Alcohol use during sex was assessed with one question: “In the past 6 months only, how much of the time have you used alcohol when you have had sexual intercourse?” Participants answered on a scale ranging from 1 (never) to 5 (always). Of those who had intercourse during the follow-up period, only 43% said that they never used alcohol during sex, meaning that fully 57% of participants used alcohol during sex at least occasionally, with 6% of participants reporting using alcohol during sex almost always or always.

Results

The main goals of this study were to test whether alcohol exerts a distal influence on risky sexual behavior by modifying the development of cognitions that are related to intentions to use condoms and to condom use behavior.

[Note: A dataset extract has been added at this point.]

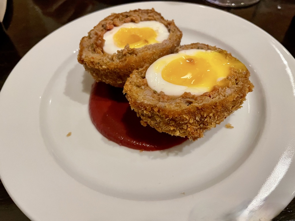 Our first dish was something you don’t often see in a Paris bistro, and a real winner: a scotch egg. The perfectly cooked egg was swaddled in a thick crust of fine smoked sausage meat from the Jura and set atop a delicious beetroot sauce whose mild, slightly sweet flavor was the perfect complement to the sausage meat.

To accomplish this goal, we estimated a model of condom use intentions among sexually active high-risk youth, assessed the predictive validity of model constructs in relation to subsequent condom use behavior, and determined whether alcohol use influenced relationships among model variables or the relationship of model variables (particularly intentions) to subsequent condom use. Means and standard deviations on all model variables for the full sample appear in Table 1.1

Model of Condom Use Intentions

Consistent with Bryan et al.’s previous work with adolescents (Bryan et al., 2004; Bryan & Stallings, 2002) and with adolescent research more generally (cf. Loeber & Keenan, 1994), age was significantly positively correlated with self-esteem; optimism about the future; perceived control over the future; benefits of condom use; the obtaining, mechanics, and assertiveness subscales of condom use self-efficacy; and condom use intentions. To account for these relationships, we adjusted all measures for age by using standard regression procedures (i.e., residual scores were obtained). The correlation matrix for all the age-regressed variables included in modeling is shown in Table 2 for the 230 participants who reported having had sexual intercourse at least once at the baseline assessment. The model in Figure 1 was then estimated by using the age-regressed data, and it exhibited adequate fit to the data, χ2(59, N = 230) = 155.74, p < .001; comparative fit index (CFI) = .88; root-mean-square error of approximation (RMSEA) = .088; 90% confidence intervals (CI) of the RMSEA = .07–.11; standardized root-mean-square residual (SRMR) = .098. Standardized parameter estimates and significance levels appear in Figure 1. All hypothesized relationships were supported. Not shown in the figure are two correlated errors between indicators of the self-efficacy latent factor: one between assertiveness and intoxication and one between obtaining condoms and condom use mechanics. The model accounted for 48% of the variability in condom use intentions. According to Cohen (1988), this represents a large effect size for multivariate models in the social sciences.

Table 2.

Correlations Among Age-Regressed Model Variables for Sexually Active Participants (n = 230)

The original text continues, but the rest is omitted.